● ACTIVITY
Line by line, repeat the material below exactly and leave the images out.

==== COLLECTED DATA

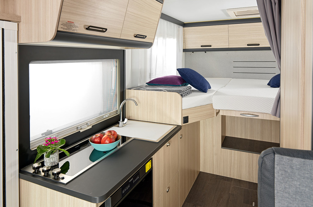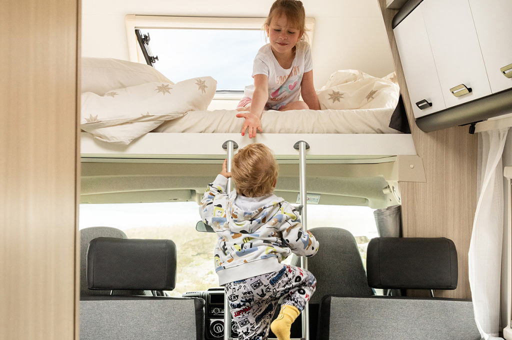 I VEICOLI PERFETTI PER LE VACANZE IN FAMIGLIA O IN GRUPPO, GRAZIE ALLO SPAZIOSO LETTO IN MANSARDA SOPRA LA CABINA GUIDA.
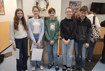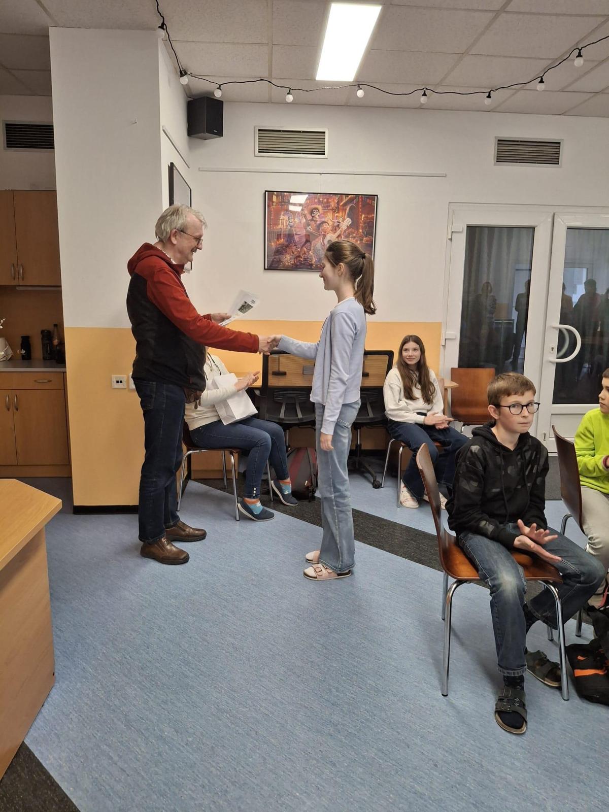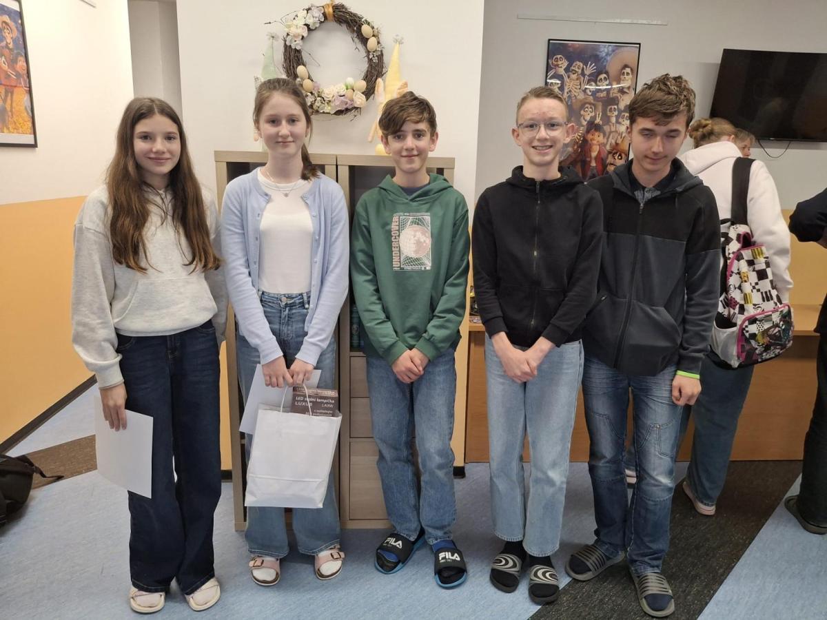 Všem žákům děkujeme za skvělou reprezentaci naší školy. Lucce přejeme mnoho úspěchů v krajském kole a budeme jí držet palce, aby to zlato znovu „cinklo".
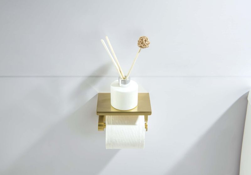 Бумагодержатель с полкой Aquatek Европа AQ4939BG шлифованное золото
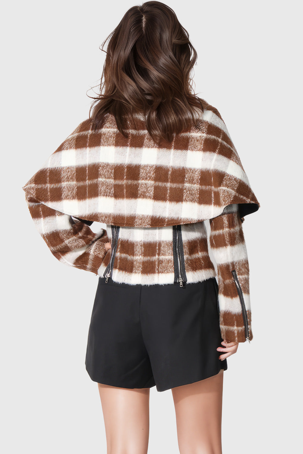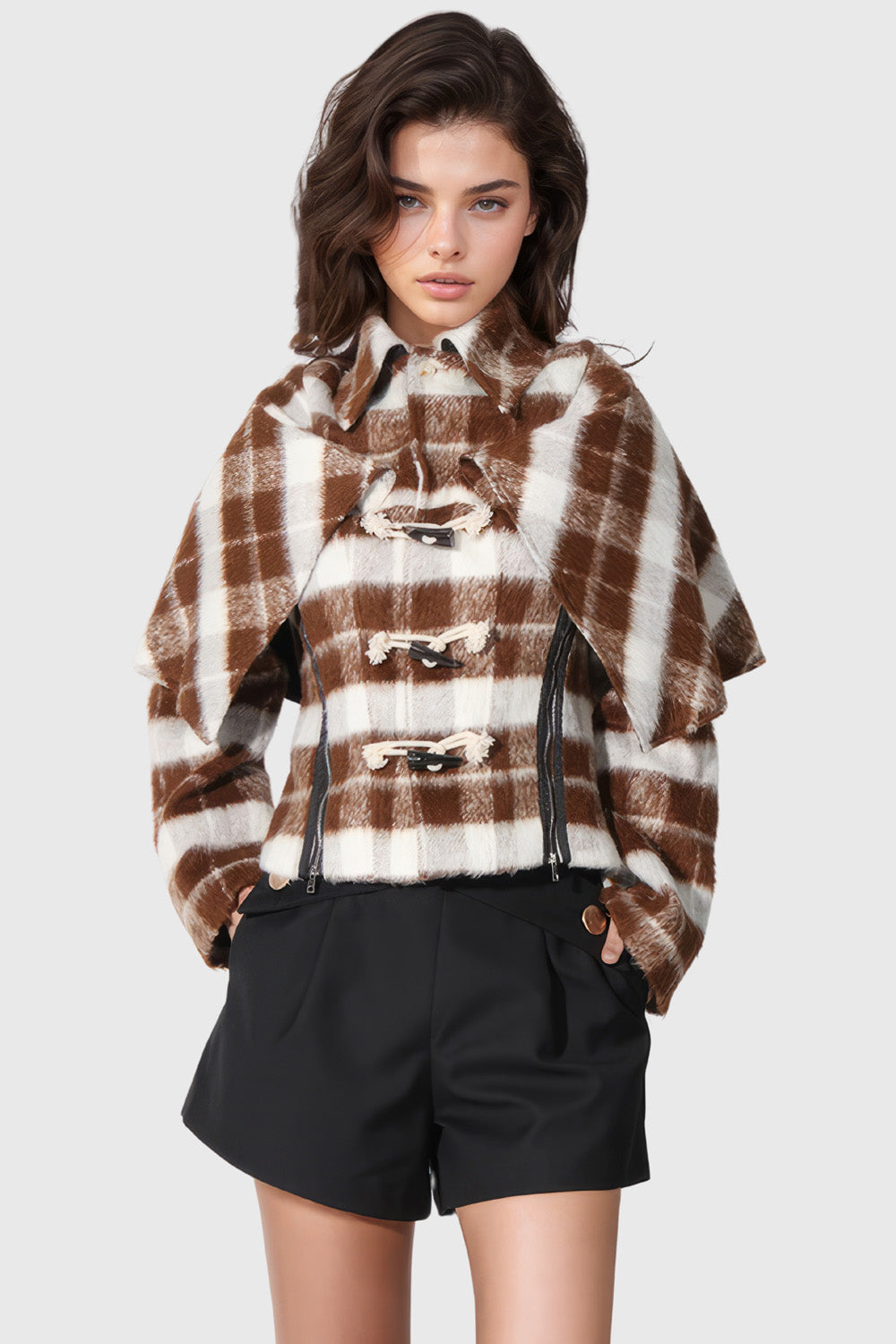 Dieser elegante, kurze, karierte Mantel ist außen mit Kunstfell besetzt. Hornknöpfe und vier Reißverschlüsse – zwei vorne und zwei hinten – sorgen für einen noch stylischeren Look. Perfekt für jede Jahreszeit. Dieser Mantel bietet die perfekte Kombination aus Wärme und schickem Stil.

========

● RESPONSE FOR THIS EXERCISE
 I VEICOLI PERFETTI PER LE VACANZE IN FAMIGLIA O IN GRUPPO, GRAZIE ALLO SPAZIOSO LETTO IN MANSARDA SOPRA LA CABINA GUIDA.
 Všem žákům děkujeme za skvělou reprezentaci naší školy. Lucce přejeme mnoho úspěchů v krajském kole a budeme jí držet palce, aby to zlato znovu „cinklo".
 Бумагодержатель с полкой Aquatek Европа AQ4939BG шлифованное золото
 Dieser elegante, kurze, karierte Mantel ist außen mit Kunstfell besetzt. Hornknöpfe und vier Reißverschlüsse – zwei vorne und zwei hinten – sorgen für einen noch stylischeren Look. Perfekt für jede Jahreszeit. Dieser Mantel bietet die perfekte Kombination aus Wärme und schickem Stil.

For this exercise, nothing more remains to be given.